United States Files Suit Against Montgomery County Psychiatrist for Alleged Improper Opioid Prescribing
Suit Proposes Judgment of $250,000 and Strict Limitations on Controlled Substance Prescribing
PHILADELPHIA – United States Attorney William M. McSwain announced that the United States filed a civil lawsuit against Elizabeth N. Kuh, a psychiatrist practicing in Montgomery County, alleging that she wrote improper opioid and benzodiazepine prescriptions for two of her patients. According to the complaint, Kuh wrote 30 opioid and benzodiazepine prescriptions to a husband and wife couple which lacked a legitimate medical purpose, were issued outside the usual course of professional practice, and many of which resulted in false claims to Medicare.
The complaint filed by the United States alleges that Kuh had no specialization or training in pain management, but she repeatedly prescribed the couple 80mg OxyContin and benzodiazepine controlled substances. The prescriptions were allegedly issued to the couple frequently by mail without an in-person physical examination, without urine drug screens or diagnostic testing, frequently not recorded in Kuh’s records, and frequently while the wife’s pain management and other conditions were managed by other providers. Kuh’s improper prescribing continued for years, even after she learned that the wife’s opioids could be harming her mental health and contributing to hallucinations.
The complaint alleges that this prescribing by Kuh only ended shortly after the husband committed suicide. Kuh had allegedly sent multiple prescriptions of OxyContin through the mail to the husband—once again, without physical examination, urine drug screen, diagnostic testing, or attempting less dangerous alternatives. Kuh allegedly responded by mailing additional OxyContin prescriptions to the wife at her request. The United States’ suit seeks damages for the alleged false claims to Medicare, civil penalties for the improper prescriptions, and injunctive relief to restrict Kuh’s controlled substance registration.

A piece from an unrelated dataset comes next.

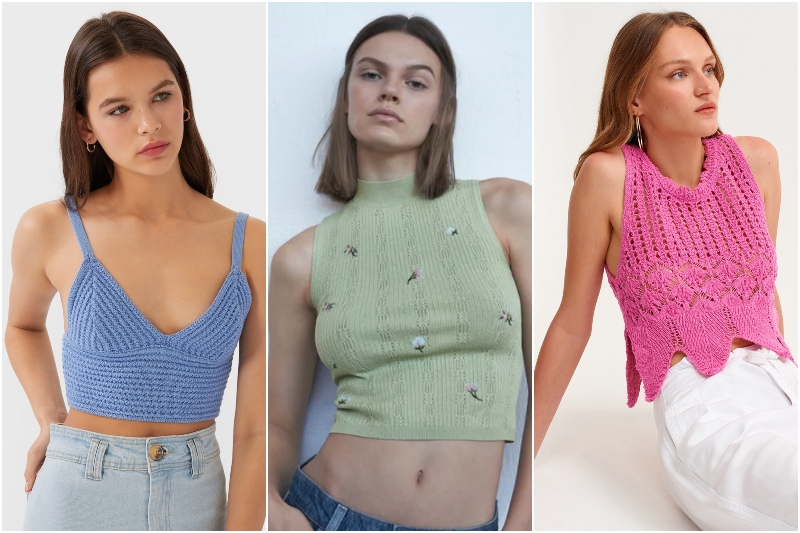 Influencer isimlerin son dönem kombinlerinin en havalı tamamlayıcıları triko ve örgü üstler! Crop, sırttan bağlı, boyundan bağlı, V yaka, kalp yaka, halter yaka, ajurlu fark etmeksizin dilediğiniz renk ve işlemede bu treni mutlaka yaz sonunda yakalamanızı öneririz!

The United States and Kuh have entered into a Stipulated Order and Consent Judgment, subject to the Court’s approval, which would resolve the matter without litigation. If approved by the Court, the Judgment would require Kuh to pay $250,000 to the United States, prohibit Kuh from ever writing another opioid prescription, and would treat any future violation as contempt of court.
“While all healthcare providers have a duty to ensure the well-being of their patients, psychiatrists have the responsibility of treating and caring for particularly vulnerable patients,” said U.S. Attorney McSwain. “Psychiatrists who write opioid or benzodiazepine prescriptions to their patients must ensure that the prescriptions are appropriate and comply with federal and state law. My Office’s Affirmative Civil Enforcement Strike Force will continue to aggressively pursue improper opioid and controlled substance prescribing, hold providers accountable, and protect the citizens of the Eastern District of Pennsylvania.”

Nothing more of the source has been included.